▶ Work item
Locate "Ausziehbarer Esstisch bis" in the listing. Transcribe the line that contains it and every line that follows, through the last, omitting all pictures.
___ Given material
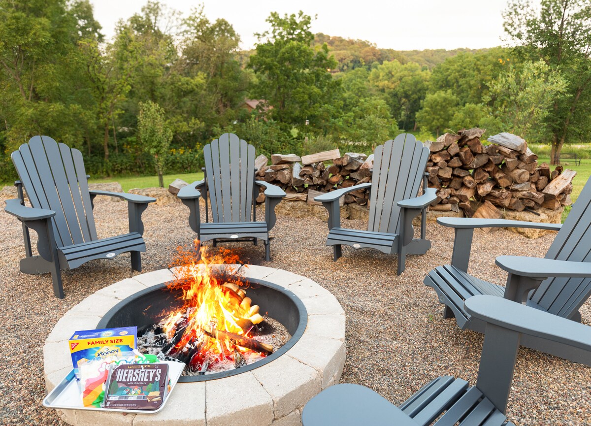 Відпочиньте й знайдіть натхнення всього за 1,5 години від Чикаго на фермі Ten Acre Farmhouse Retreat. Призначено для сімей, інтимних моментів і відпочинку. Високошвидкісний Wi-Fi, Smart TV та робочі місця покращують ваше перебування. Цей маєток площею 5000 квадратних футів поєднує сучасний комфорт із сільським шармом на 10 тихих акрах біля Женевського озера. Розкішні спальні, джакузі та розваги преміум-класу чекають на вас. Дві зовнішні камери спостерігають за переднім двором і проїзною частиною. Внутрішні камери відсутні. Бронюйте зараз.
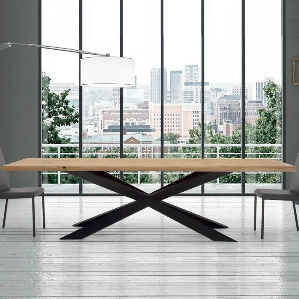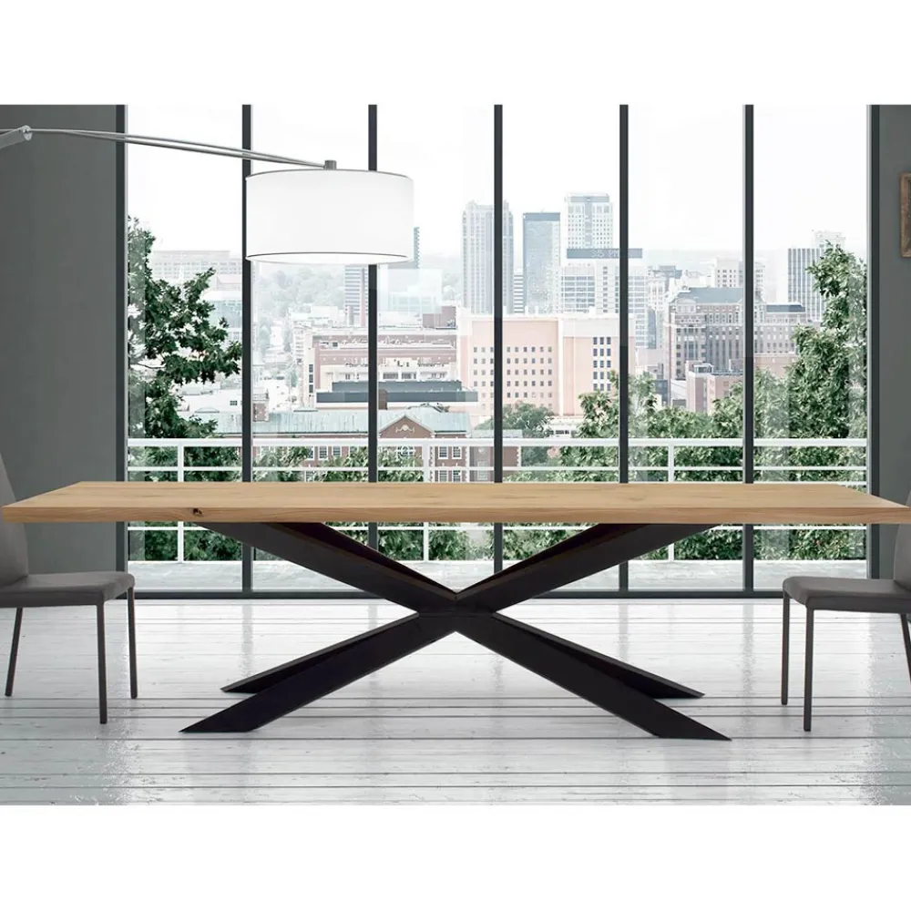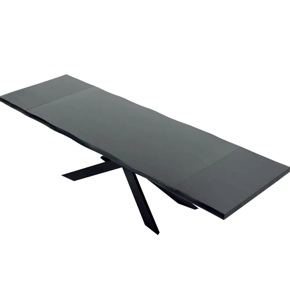 Ausziehbarer Esstisch bis 300 cm aus furniertem Holz und schwarzem Stahlgestell, hergestellt in Italien.
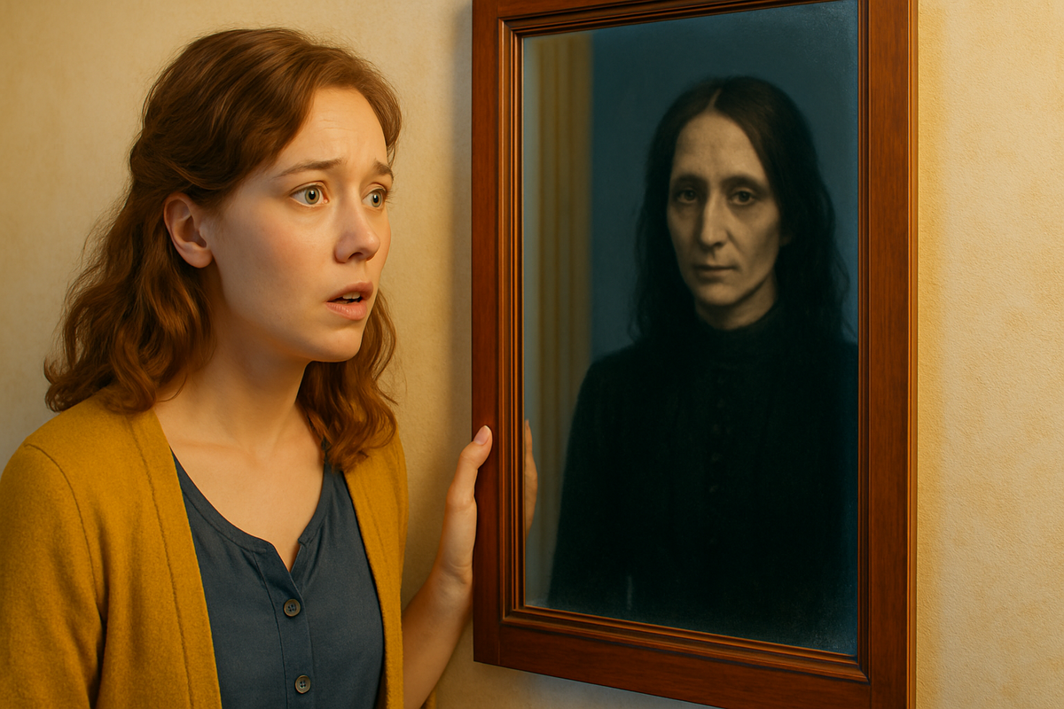 Но в доме оно снова появилось. На том же месте. Только теперь — рама треснута, и в отражении на стене позади — кровавые отпечатки ладоней.
______
▶ Response
 Ausziehbarer Esstisch bis 300 cm aus furniertem Holz und schwarzem Stahlgestell, hergestellt in Italien.
 Но в доме оно снова появилось. На том же месте. Только теперь — рама треснута, и в отражении на стене позади — кровавые отпечатки ладоней.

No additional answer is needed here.